THE High Court yesterday acquitted Citizens Coalition for Change (CCC) activists Joanah Mamombe and Cecilia Chimbiri, who were being accused of publishing falsehoods and fabricating their abduction by State security agents.
Mamombe and Chimbiri approached the High Court challenging
a lower court’s decision to allow their criminal matter to proceed to the
defence.
A Harare magistrate had ruled that the State had
established a prima facie case against the duo.
Chief magistrate Faith Mushure had dismissed their
application for discharge at the close of the State case.
However, Mamombe and Chimbiri approached the High Court for
review of Mushure’s determination.
High Court judge Justice Priscilla Munangati-Manongwa
upheld their application for review saying the lower court erred in dismissing
the duo’s application.
She said State witnesses’ evidence was irreconcilable and
the falsity of the alleged statement was simply absent.
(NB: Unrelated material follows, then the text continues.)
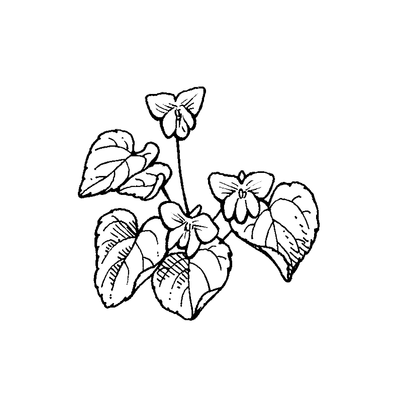Tumman lilansiniset, tuoksuvat kukat. Lehdet sydämen muotoiset. korkeus noin 2o cm.
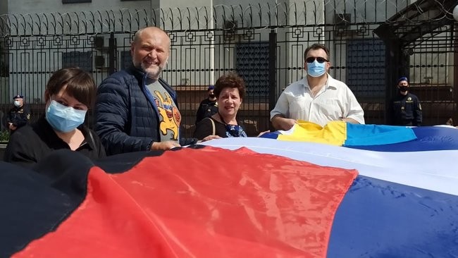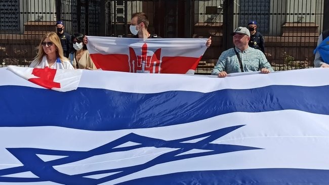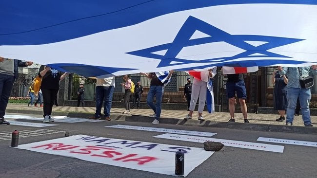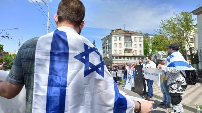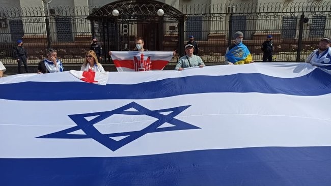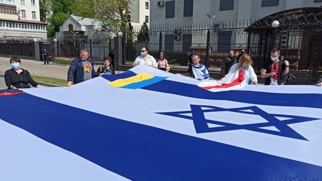 У неділю, 16 травня, під посольством Російської Федерації в Києві розпочався мітинг солідарності з Ізраїлем. Про це з місця події повідомляє кореспондент Цензор.НЕТ.

She said the evidence of the State witnesses had been “discredited during cross-examination and had become so manifestly unreliable such that no reasonable court could safely convict on such evidence.”
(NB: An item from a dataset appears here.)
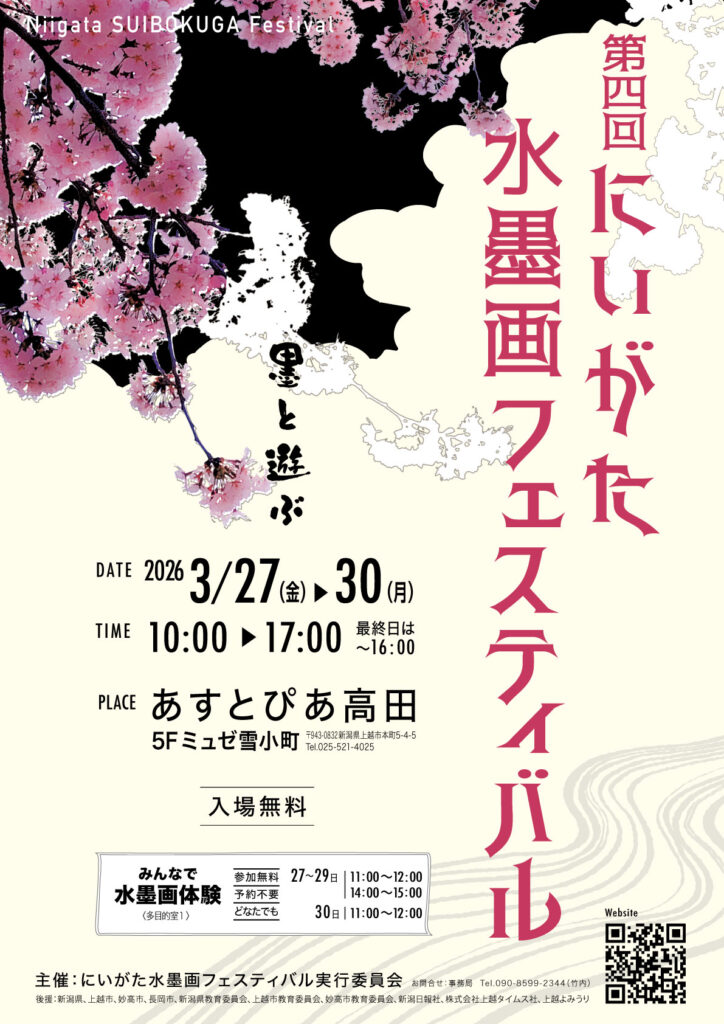 2023 年に新潟県上越市で第 1 回を開催いたしました「にいがた水墨画フェスティバル」も、多くの皆様のご支援とご参加により回を重ね、2026 年には第 4 回目を迎えることとなりました。これまで上越市内をはじめ、新潟県各地、関東、長野方面から特色ある作品をお寄せいただき、水墨画の新しい可能性を感じる場として大変好評をいただいております。
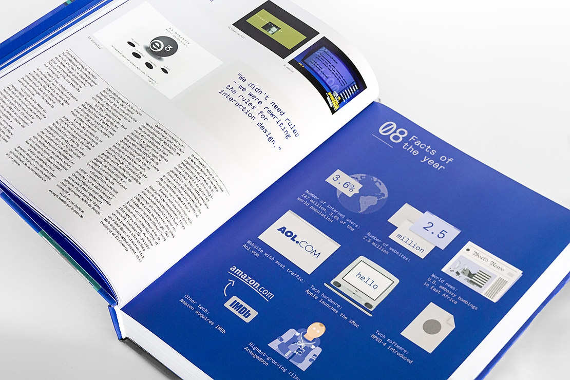 Das Buch aus dem Verlag TASCHEN bietet einen visuellen Ausflug in die Geschichte des Webdesigns. Es stellt über 200 Websites von 1990 bis heute vor und zeigt die Highlights und Geschehnisse aus den jeweiligen Jahren. Eine Bildchronik in Deutsch, Englisch und Französisch.

Said Munangati-Manongwa: “The evidence of the State
witnesses is simply irreconcilable and the falsity of the alleged statement is
simply absent.
“The decision of the court is found to be grossly
unreasonable, irrational characterised by bias and malice and cannot be in
accordance with real and substantial justice.”
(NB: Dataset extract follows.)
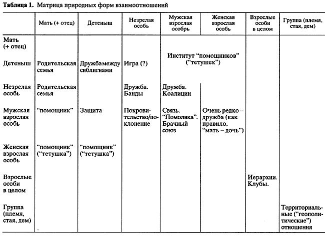 Нет никаких сомнений в том, что многие элементарные формы социальной жизни имеют глубокие биологические корни. Аналоги родительской семьи, супружества, дружбы, взаимовыгодных коалиций, иерархических структур в животном мире настолько напоминают соответствующие социальные конфигурации человеческого сообщества, что здесь допустимо вести речь об эволюционных праформах социальной жизни человека.
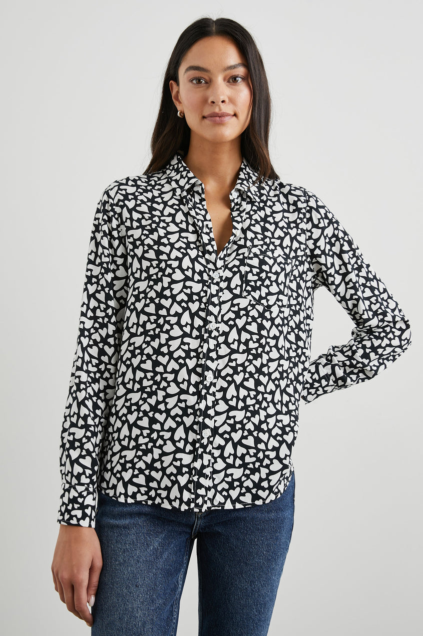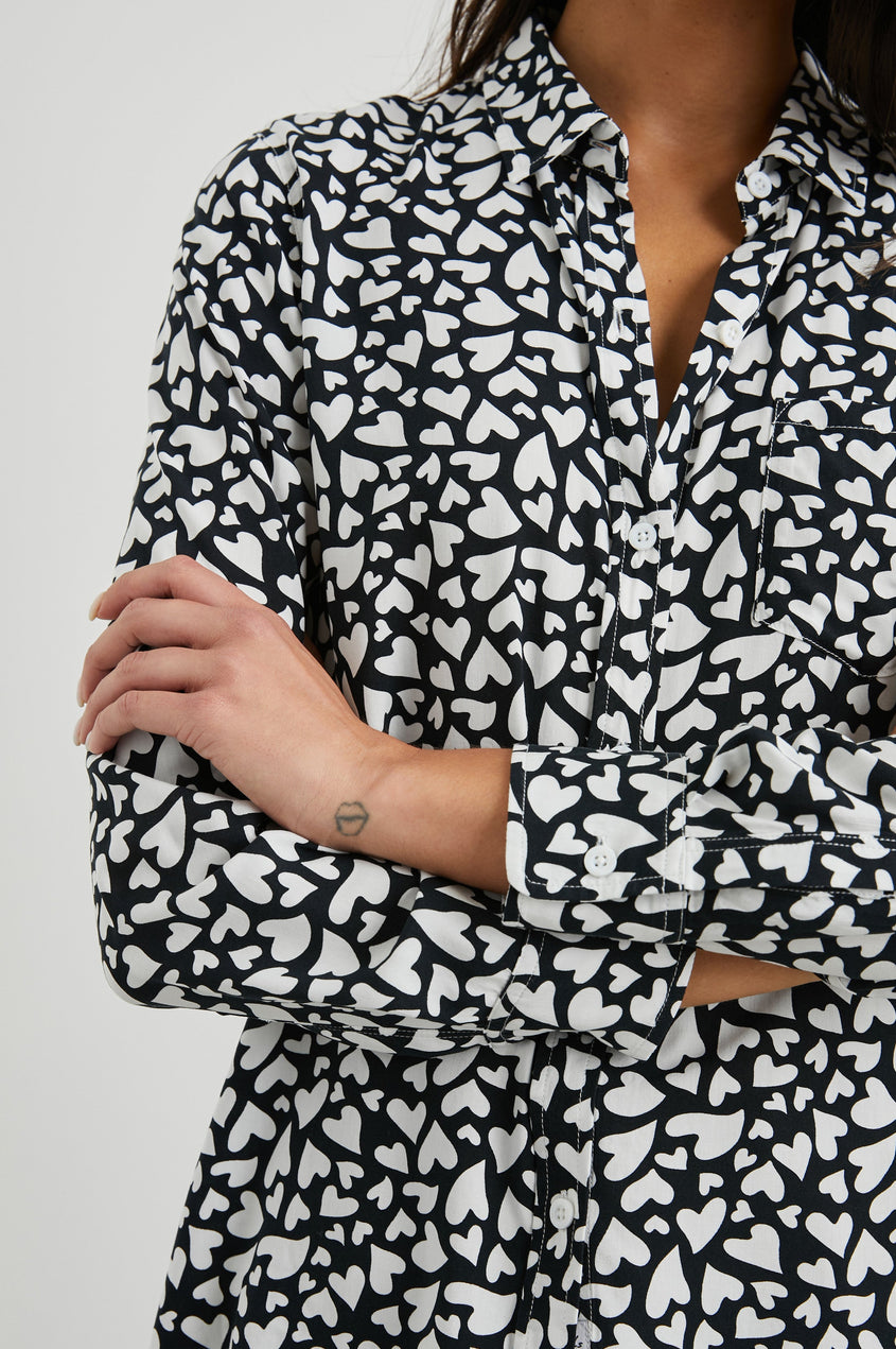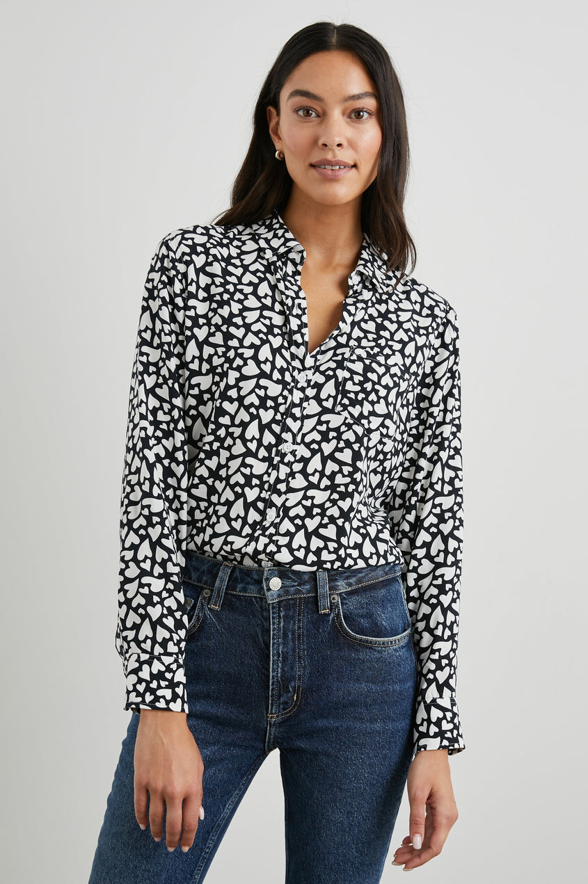 - Look refined and polished from work to weekend in this classic shirt made from elevated challis fabric. This collared button-down shirt features a classic fit and heart print.

The judge said Mamombe and Chimbiri could not be pushed
into a defence case to supplement the inadequacies of the State case.
She added that to adopt such an approach would be
unconstitutional and against the principles that place the burden on the State
to prove its case and in this case, on a prima facie basis at the close of the
State case.
“It is not for the court to try and prop up a crumbling
case, a court has to acquit in the absence of evidence to support an essential
element of a charge, or where the evidence is manifestly unreliable that no
reasonable court can act on it,” Munangati-Manongwa said.
“The application has merit and, therefore, succeeds. In
that regard, the applicants are entitled to a discharge at the close of the
State case.
“The accused persons Joanah Mamombe and Cecilia Revai
Chimbiri be and are hereby found not guilty, discharged and acquitted at the
close of the State case. There is no order as to costs.”
She also ruled that the lower court underplayed the
contradictions in the State case, particularly the evidence of one Tapera
Christopher Kazembe, a spectrum manager at the Postal and Telecommunications
Regulatory Authority of Zimbabwe, and one Godfrey Mangezi.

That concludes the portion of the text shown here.